Lieutenant Colonel Frederick Cockayne Elton VC (23 April 1832 – 24 March 1888) was an English recipient of the Victoria Cross, the highest and most prestigious award for gallantry in the face of the enemy that can be awarded to British and Commonwealth forces.

Details
Major Elton was born in Whitestaunton, Somerset to Reverend William Tierney Elton and Lucy Caroline Elton, daughter of Sir Charles Abraham Elton, 6th Baronet.  His paternal grandmother was Catherine Bayard, a descendant of Nicholas Bayard, Stephanus Van Cortlandt and the Schuyler family, all from British North America. Nicholas's mother was Ann Stuyvesant, who was a sister of Peter Stuyvesant.

He was 22 years old, and a Brevet Major in the 55th Regiment of Foot, British Army during the Crimean War when the following deed took place for which he was awarded the VC.

On 29 March 1855 at Sebastopol, the Crimea, Major Elton, with a small number of men, drove off a party of Russians who were destroying one of the new detached works, taking one prisoner himself. On 7 June he was the first to lead his men from the trenches.

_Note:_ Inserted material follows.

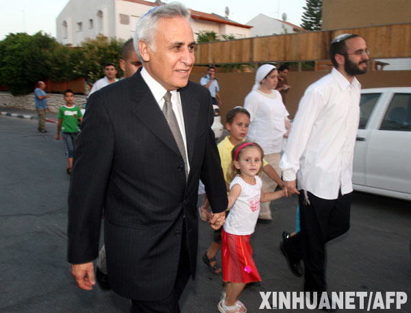 6月29日,以色列总统摩西·卡察夫(前左)走出位于以色列南部的家,前往教堂。在与检察官达成认罪协议后,受到强奸罪等多项指控的以色列总统卡察夫于28日向以色列议会议长递交了辞呈,辞职将在48小时后生效。卡察夫的总统任期应于今年7月结束。

On 4 August he was in command of a working party in the advanced trenches in front of the Quarries, encouraging his men to work under very heavy fire and even used a pick and shovel himself to set an example.

Further information
He later served with the 21st Regiment of Foot and the 67th Regiment of Foot achieving the rank of lieutenant colonel.

Victoria Cross and other awards
Elton's Victoria Cross is displayed at the King's Own Royal Border Regiment & Border Regiment Museum in Carlisle Castle, Cumbria, together with the remainder of his group including an engraved copy of his Crimea medal.  His original, regimentally impressed, Crimea medal has appeared on various occasions over the years at different auction houses and is believed to be currently held in Australia.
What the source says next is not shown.